As AI systems like language models are increasingly integrated into decision-making processes affecting people's lives, it's critical to ensure that these systems have sound moral reasoning. To test whether they do, we need to develop systematic evaluations. We provide a framework that uses a language model to translate causal graphs that capture key aspects of moral dilemmas into prompt templates. With this framework, we procedurally generated a large and diverse set of moral dilemmas -- the OffTheRails benchmark -- consisting of 50 scenarios and 400 unique test items. We collected moral permissibility and intention judgments from human participants for a subset of our items and compared these judgments to those from two language models (GPT-4 and Claude-2) across eight conditions. We find that moral dilemmas in which the harm is a necessary means (as compared to a side effect) resulted in lower permissibility and higher intention ratings for both participants and language models. The same pattern was observed for evitable versus inevitable harmful outcomes. However, there was no clear effect of whether the harm resulted from an agent's action versus from having omitted to act. We discuss limitations of our prompt generation pipeline and opportunities for improving scenarios to increase the strength of experimental effects.

  • The paper introduces a new framework using causal graphs to evaluate moral reasoning in LLMs, termed the OffTheRails benchmark.

  • Through procedural generation, the study creates diverse moral dilemmas, focusing on variables like causal structure, evitability, and actions to test LLMs.

  • Experiments show that both humans and models respond to changes in causal structure and evitability, revealing consistent patterns in moral judgments.

  • The findings assist in enhancing the moral sensitivities of LLMs, with implications for their integration in applications like autonomous vehicles and personalized healthcare.

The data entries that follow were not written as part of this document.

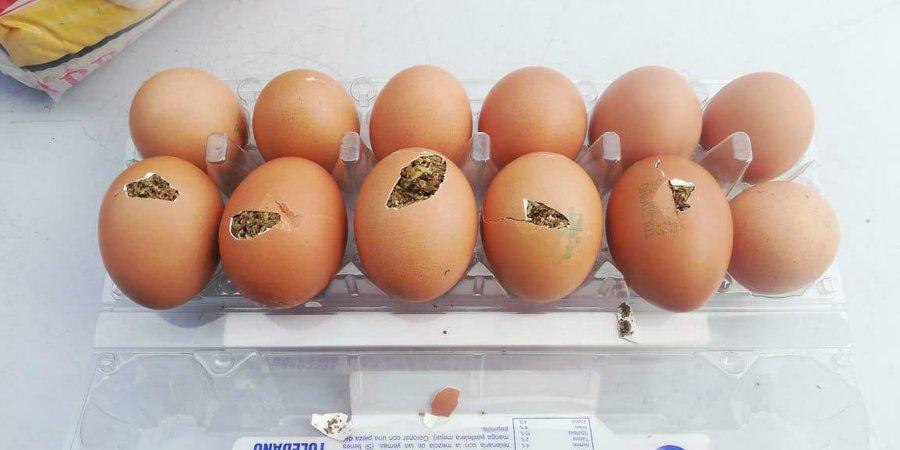 La información fue confirmada por la Policía Nacional, a través de su cuenta de Twitter en la que aparece una imagen de la docena de huevos que en su interior lo que parece hierba.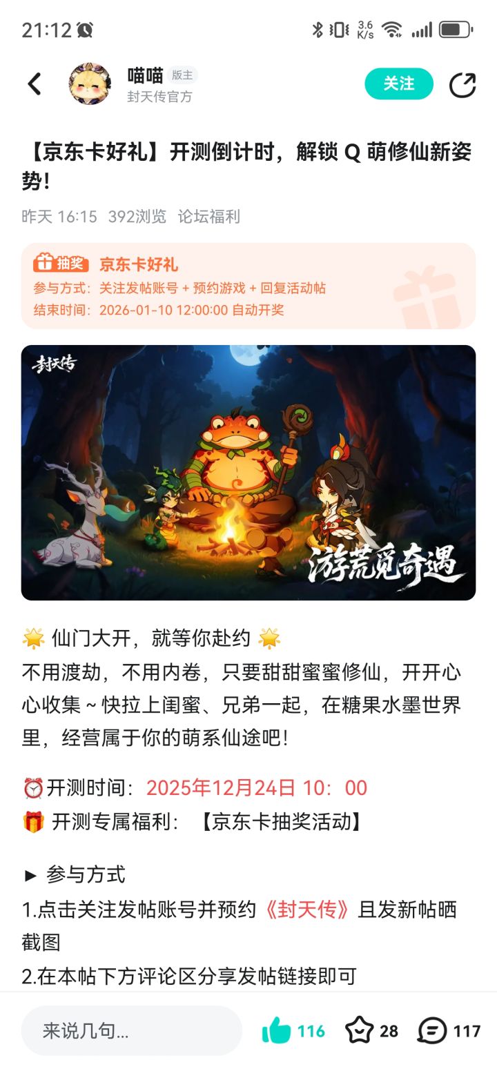 🌟 仙门大开,就等你赴约 🌟不用渡劫,不用内卷,只要甜甜蜜蜜修仙,开开心心收集~快拉上闺蜜、兄弟一起,在糖果水墨世界里,经营属于你的萌系仙途吧!⏰开测时间:2025年12月24日 10:00🎁 开测专属福利:【京东卡抽奖活动】▶ 参与方式1.点击关注发帖账号并预约《封天传》且发新帖晒截图2.在本帖下方评论区分享发帖链接即可【奖品发放】到达开奖时间后,由taptap系统随机抽取符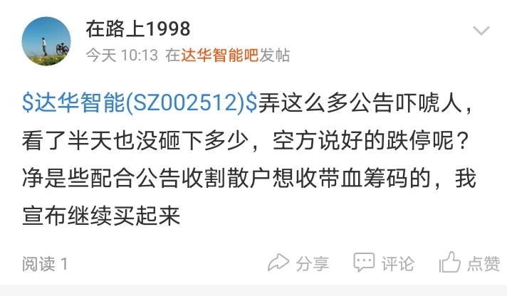温馨提示: 1.根据《证券法》规定,禁止编造、传播虚假信息或者误导性信息,扰乱证券市场;2.用户在本社区发表的所有资料、言论等仅代表个人观点,与本网站立场无关,不对您构成任何投资建议。用户应基于自己的独立判断,自行决定证券投资并承担相应风险。《东方财富社区管理规定》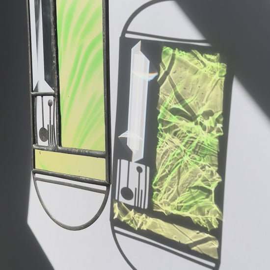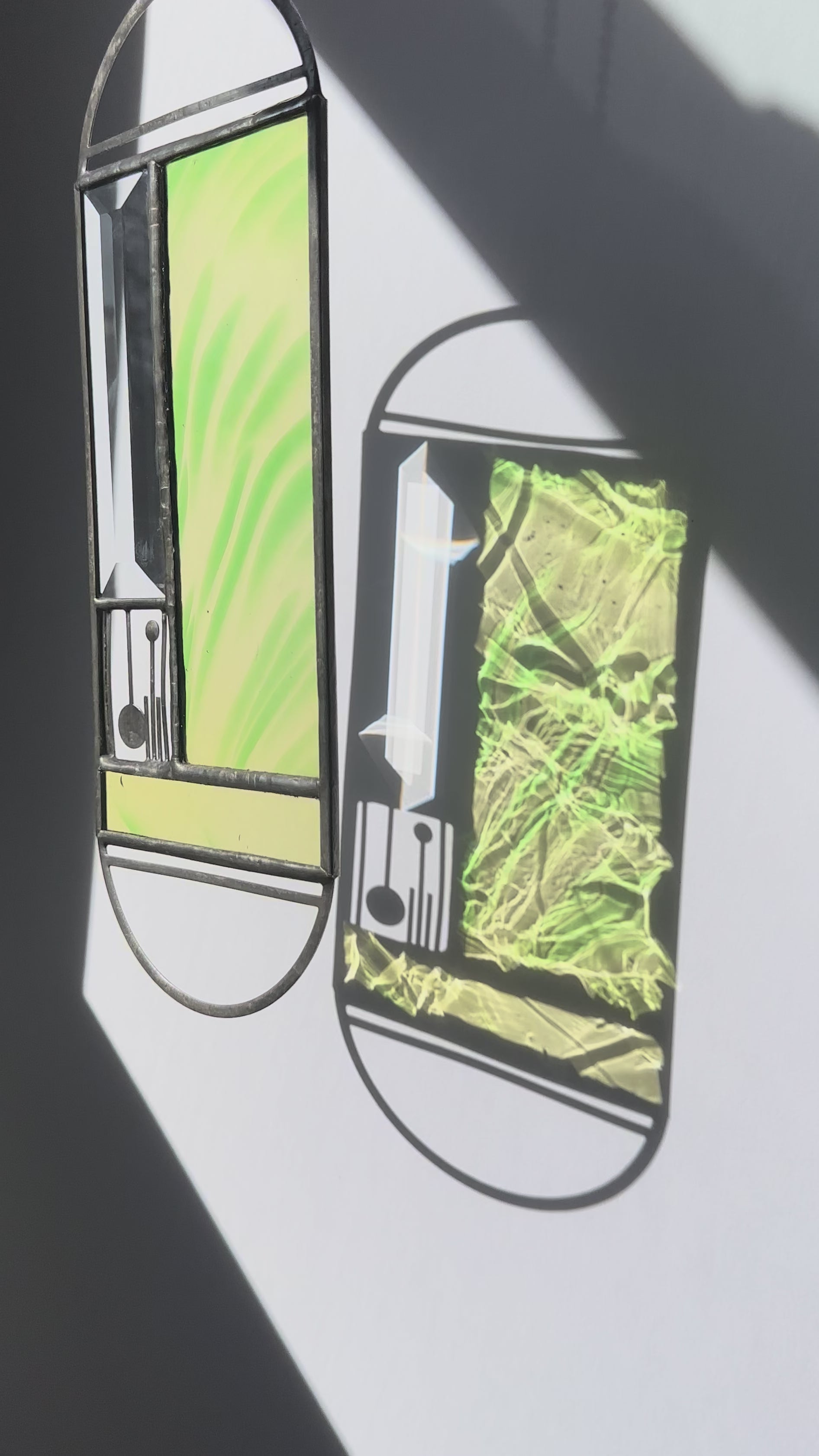 Large Sunset Meridian Suncatcher in transparent rainbow glass. This design features mouth blown panels of glass made by glassblowers at Fremont Antique Glass in Seattle, Washington. Each panel takes several days to produce and is entirely one of a kind. Due to the handmade nature of this glass, you may notice air bubbles, lines, or scratches.

Evaluating Moral Reasoning in Language Models Using Procedurally Generated Dilemmas


The integration of LLMs into decision-making processes underscores the importance of these models possessing robust moral reasoning capabilities. This paper explores the use of systematic evaluations to probe the moral reasoning of LLMs through a novel framework that utilizes causal graphs to generate moral dilemmas, termed the OffTheRails benchmark.

Methodology Overview

The methodology hinges on translating abstract causal graphs into prompt templates which are populated and expanded by language models to create diverse sets of moral dilemmas. This study zeroes in on three key variables:

  • Causal Structure: whether harm is a means to an end or a side effect.
  • Evitability: the inevitability of harm regardless of the agent’s actions.
  • Action: distinguishing between actions causing harm and failures to prevent harm.

The procedural generation of these dilemmas leverages language models for scalability, creating controlled, varied moral scenarios without the constraints of either rigid experimental vignettes or the uncontrolled naturalism of crowdsourced narratives.

Benchmark Creation

The OffTheRails benchmark includes 50 scenarios with 400 unique test items, using GPT-4 for item generation. Scenarios are crafted by initially generating a causal structure, which is then used to derive variations reflecting different combinations of the key variables. This structured approach addresses challenges with LLMs' inconsistency in distinguishing complex causal relationships by enforcing strict template adherence during the generation process.

Experiments and Findings

The investigation involves two key experiments:

  1. Balancing Moral Scenarios: Ensuring the harm and beneficial outcomes in scenarios are balanced to prevent overshadowing of other variables. This involved ratings from human participants to match levels of harm to corresponding goods effectively.
  2. Evaluating Moral Judgments: Both human participants and language models (GPT-4 and Claude-2) were tested for their moral judgments across different scenarios. The study reveals that both humans and models are sensitive to changes in the causal structure and evitability, but not significantly to whether an action or omission led to harm.

Significantly, the outcomes indicated consistent patterns where scenarios with avoidable, direct harm (means) led to harsher moral judgments and higher attributions of intention, aligning with established psychological findings.

Implications and Future Directions

The results serve both practical and theoretical advancements in AI ethics, particularly in honing the moral sensitivities of LLMs. The procedural generation model presents a scalable way to assess and enhance moral reasoning capabilities systematically. This has far-reaching implications for improving the integration of LLMs in sensitive applications, from autonomous vehicles to personalized AI in healthcare.

Despite the successes, the differentiation between means and side effects posed generation challenges, indicating an area for improvement in LLMs' handling of complex causal inferences. Future work could refine the templating process or explore more granular manipulations of the scenario variables to better understand the nuances of model-generated moral reasoning.


The study establishes a foundational approach for systematically evaluating and improving the moral reasoning of language models. By demonstrating the feasibility and effectiveness of using structured, procedurally generated dilemmas, it sets the stage for further research into the ethical capabilities of AI systems, aiming for models that more accurately reflect nuanced human moral judgments.